1. Plaintiffs are present and former employees of the Mortell Company, a corporation in the business of manufacturing various adhesives, coatings, and sealants. During the course of their employment with the Mortell Company, plaintiffs participated in and obtained vested rights in the Mortell Employee Profit Sharing Plan ("the Plan"). (Uncontested Facts,
paras. 1-3; Plaintiffs' Exhibit 2.)
2. The Plan is an "employee benefit plan" within the meaning of ERISA, and at all times material to this suit the Plan was subject to the provisions of ERISA. The Plan is a single-employer defined contribution plan covering all of Mortell Company's full-time employees age twenty-five or older with at least one year (1,000 hours) of service. Contributions to the Plan may be made by the Mortell Company based on the sole judgment and discretion of its board of directors. Employee-participants also may voluntarily contribute to the credit of their individual accounts; an employee's contribution cannot be less than 1 percent or more than 10 percent of his or her annual compensation. (Uncontested Facts, para. 8.)
3. Defendant James W. Mortell was a shareholder of the Mortell Company from 1976 to 1986. In addition, he was a trustee of the Plan from 1976 until April 15, 1983, and a participant in the Plan until 1986. (Uncontested Facts, para. 4.)
4. Defendant Ramon Mortell, James' brother, was likewise a shareholder of Mortell Company from 1976 to 1986. He also served as a trustee of the Plan from at least 1980 until April 15, 1983, and he was a participant in the Plan until 1986. (Uncontested Facts, para. 5.)

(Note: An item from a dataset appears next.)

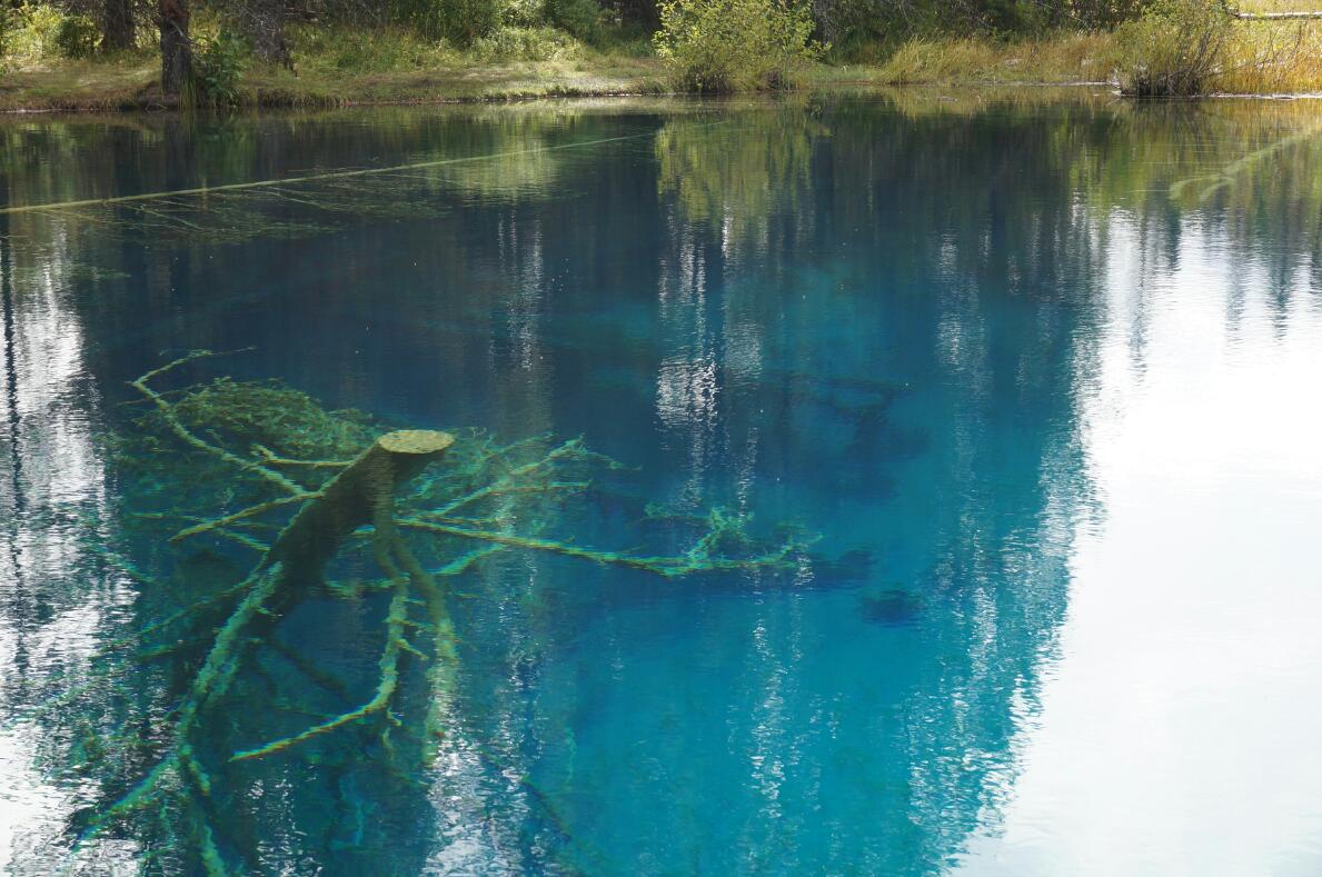 Little Crater Lake. 15 metrus dziļš, bet tik dzidrs, ka redz cauri…

5. Defendant George Blais was a vice president of the Mortell Company. Until his death in September 1982, he served as administrator of the Plan. (Uncontested Facts, para. 6.) On March 7, 1987, the court entered a technical default judgment against Blais' estate for failure to answer or appear.
6. In the fall of 1982, James and Ramon Mortell received advice from their attorney, John Marshall of Mayer, Brown & Platt, that the Mortell Company should become a Subchapter S
corporation in order to avoid double taxation. (Uncontested Facts, para. 10; Tr. 101.)
7. Marshall informed the Mortells that in order for the Mortell Company to qualify as a Subchapter S corporation, the company's profit sharing plan could not hold any stock in the company. (Tr. 101-03.) At the time, the Plan owned 1016 nonvoting, common shares of the company's stock. (Uncontested Facts, para. 9.)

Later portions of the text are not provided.